Заря занималась над горизонтом, юная, ласковая, румяная. Как счастливая невеста. Как сама она, Ярина.

А вскорости в деревне заголосили петухи.

– Бабка уже проснулась наверняка! – Яринка подскочила с места, сонную негу как рукой сняло. – Ох, боги, увидит, что меня дома нет – ругаться будет до вечера! Грядки не полоты, не политы, да и воды в кадушке меньше половины, надо было натаскать, а мы забыли!

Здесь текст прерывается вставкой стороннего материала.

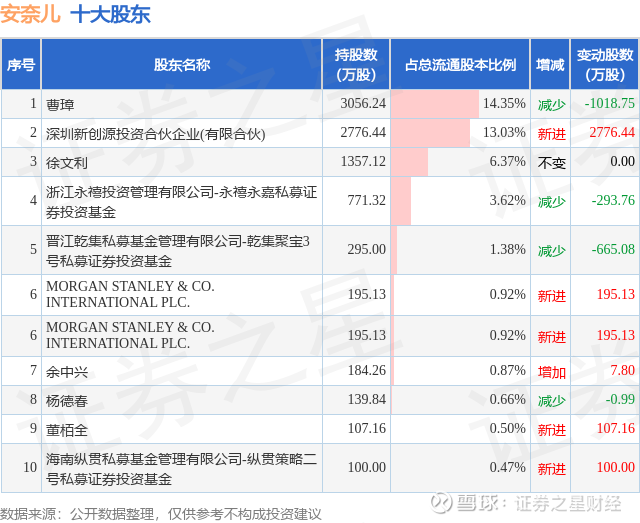 根据安奈儿2025年三季报公布的十大股东详情如下:

Да уж, воды им вчера вечером было вдоволь и без кадушки. Но бабке ведь этого не объяснишь. Опять начнёт попрекать, мол, лентяйки, только бы на гулянки с подружками бегать. И вроде понимаешь, что она это не со зла, а от большой усталости, но так не хотелось портить прекрасное утро большой семейной сварой!

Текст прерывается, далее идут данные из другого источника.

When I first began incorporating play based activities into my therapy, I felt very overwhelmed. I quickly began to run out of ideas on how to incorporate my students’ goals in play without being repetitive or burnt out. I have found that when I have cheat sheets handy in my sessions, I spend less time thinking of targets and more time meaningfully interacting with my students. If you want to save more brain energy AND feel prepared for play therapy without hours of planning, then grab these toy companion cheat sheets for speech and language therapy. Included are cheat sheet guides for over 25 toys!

– Не печалься, ягодка моя, не думай о заботах, всё само собой наладится, – лешак, ставший нынче Даром, чмокнул её в щёку. – Беги домой, я через поле дорожку проложу. Три шага, и ты на месте. Не моя там вотчина, ну да ничего. Я пока на седмицу пропаду, тоже работы по горло. Но приветы передам непременно, чтобы не скучала ты. А потом и сам явлюсь в гости. Будешь ждать?

Яринка в ответ улыбнулась и крепко-крепко его обняла.

– Одёжу подаренную носи смело, ты жених мне теперь, – и тут же спохватилась. – А дорожку через поле тебе можно прокладывать, раз не твоя вотчина? Там, поди, полевик живёт, а ну как осерчает?

– Не осерчает. Ему чревато – мыши у меня в лесу прожорливые, рожь да пшеницу любят, – Дар снова ехидно осклабился, как ночью в сенях. – Поворчит немного, да и пойдёт к лешему. То есть снова ко мне.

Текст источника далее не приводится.